Sterling slipped from a six-week high against a strengthening dollar on Thursday as investors booked profits after a rally that saw the pound climb almost 5 percent in just 10 days.
The pound opened the day on a strong note against the dollar, nearing $1.27 and bolstered by data showing Britain's economy maintained its momentum in the final three months of 2016 - again defying expectations that June's vote for Brexit would rapidly take a toll on growth.
But it quickly gave up those gains as the dollar rallied across the board after reaching a seven-week low and, having touched a high of $1.2674, sterling was trading over a cent lower than that by 1620 GMT at $1.2571.
That still left sterling on track for its best fortnightly performance against the dollar in 10 months.
"We're seeing a dollar reversal across the board and cable (sterling/dollar) is just getting caught up in that - it's fair to say the newsflow is still very positive for sterling," said RBC Capital Markets currency strategist Adam Cole.
Brexit minister David Davis on Thursday began the process of passing a law enabling the government to trigger Britain's exit from the EU. He published legislation and introduced it to parliament - the first stages in the normal lawmaking process which will see both chambers of parliament scrutinise the bill.
"Though there is clearly going to be several weeks of debate now in both houses, I don't think that's going to have that much effect on sterling because we know the bottom line is that neither house is going to block the legislation," said Cole.
"So I think politics goes quite quiet now (for sterling) until we get to the point when Article 50 is triggered," he added, referring to Article 50 of the Lisbon Treaty, which will formally start Brexit talks.
The focus for currency traders since Britain voted to leave the EU has been how that departure plays out - whether it will be a "hard" exit, in which Britain leaves the European single market, or a "softer" one being the key question.
With more clarity on the government's position - after Prime Minister Theresa May said last week Britain would indeed be departing the single market and the Supreme Court ruling this week that parliament must approve the triggering of Article 50 - it now appears that investors are turning to fundamentals.
Investors are looking ahead to the first Bank of England "Super Thursday" of the year next week, when the BoE will present its quarterly inflation report along with its decision on monetary policy.
Inflation has accelerated as sterling has shed 12 percent since the Brexit vote on a trade-weighted basis.
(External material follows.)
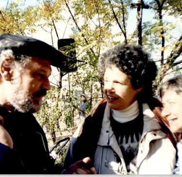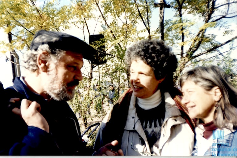 Ricciardeli con boina conversando con vecinas. Foto cedida por el Archivo Nacional de la Memoria.

This has led to market talk that the BoE will take a more hawkish tilt and even signal that it is moving closer to raising rates from their current record low of 0.25 percent.
But a Reuters poll on Monday found most economists expect the BoE to leave its rates and other stimulus measures unchanged at least until 2019, even though it is likely to raise its 2017 growth forecast again next week.
Traders will also be watching a meeting between US President Donald Trump and Theresa May in Washington on Friday, with trade expected to dominate discussions.
"Sterling will focus on news headlines around PM May's US visit which, at face value at least, should be positive for the currency," said Commonwealth Bank currency strategist Adam Myers.
Against the euro, the pound rose 0.3 percent on the day to 84.83 pence, close to a three-week high of 84.71 pence touched earlier.